(Listed records)

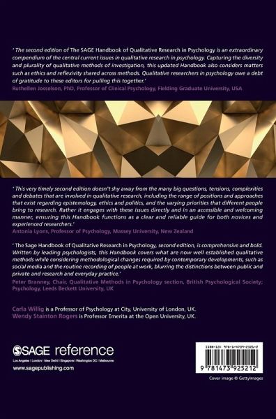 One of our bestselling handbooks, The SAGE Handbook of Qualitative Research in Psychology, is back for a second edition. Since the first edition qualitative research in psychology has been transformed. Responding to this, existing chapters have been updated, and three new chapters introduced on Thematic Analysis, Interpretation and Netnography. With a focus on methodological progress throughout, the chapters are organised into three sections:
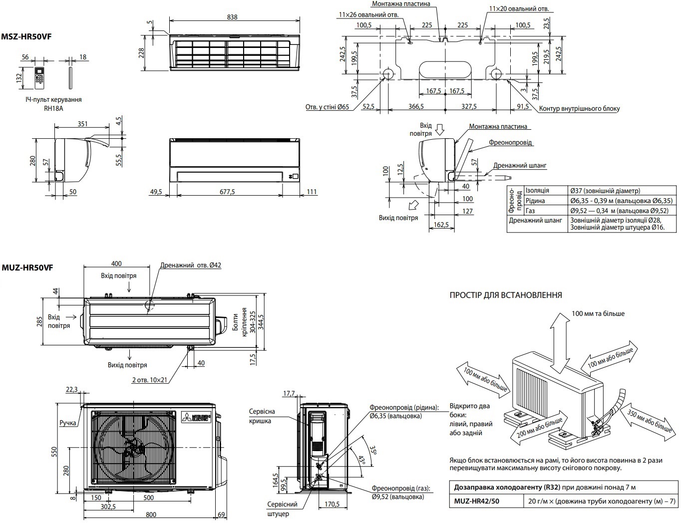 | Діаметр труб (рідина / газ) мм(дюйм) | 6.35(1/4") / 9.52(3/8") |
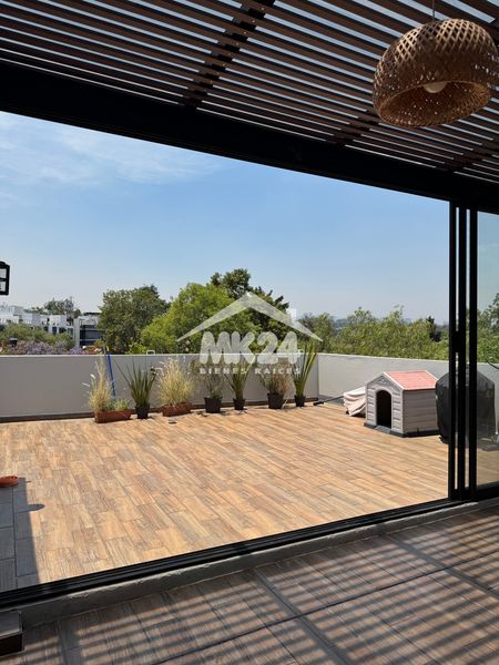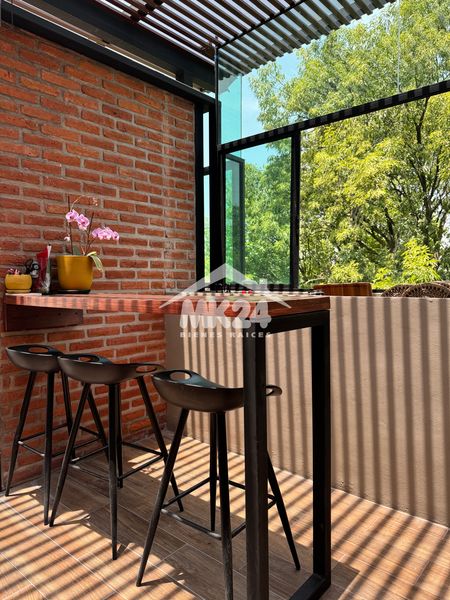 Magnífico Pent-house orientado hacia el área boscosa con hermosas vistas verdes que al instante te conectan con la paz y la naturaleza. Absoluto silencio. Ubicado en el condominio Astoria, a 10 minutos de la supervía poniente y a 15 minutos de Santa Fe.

(End Listed records)
(Listed records)

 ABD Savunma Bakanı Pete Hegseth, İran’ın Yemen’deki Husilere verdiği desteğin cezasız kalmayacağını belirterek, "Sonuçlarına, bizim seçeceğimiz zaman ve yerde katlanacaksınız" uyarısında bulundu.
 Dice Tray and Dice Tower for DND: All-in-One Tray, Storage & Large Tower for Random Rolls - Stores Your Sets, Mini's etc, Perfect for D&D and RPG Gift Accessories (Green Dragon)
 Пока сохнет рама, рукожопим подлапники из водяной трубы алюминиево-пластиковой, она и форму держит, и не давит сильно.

(End Listed records)

> [Problem description]: What you return should be exactly the lines above, starting at the one with "Dice Tray and" and ending at the one with "Пока сохнет рама, рукожопим", and nothing else.

> [Written solution]:
 Dice Tray and Dice Tower for DND: All-in-One Tray, Storage & Large Tower for Random Rolls - Stores Your Sets, Mini's etc, Perfect for D&D and RPG Gift Accessories (Green Dragon)
 Пока сохнет рама, рукожопим подлапники из водяной трубы алюминиево-пластиковой, она и форму держит, и не давит сильно.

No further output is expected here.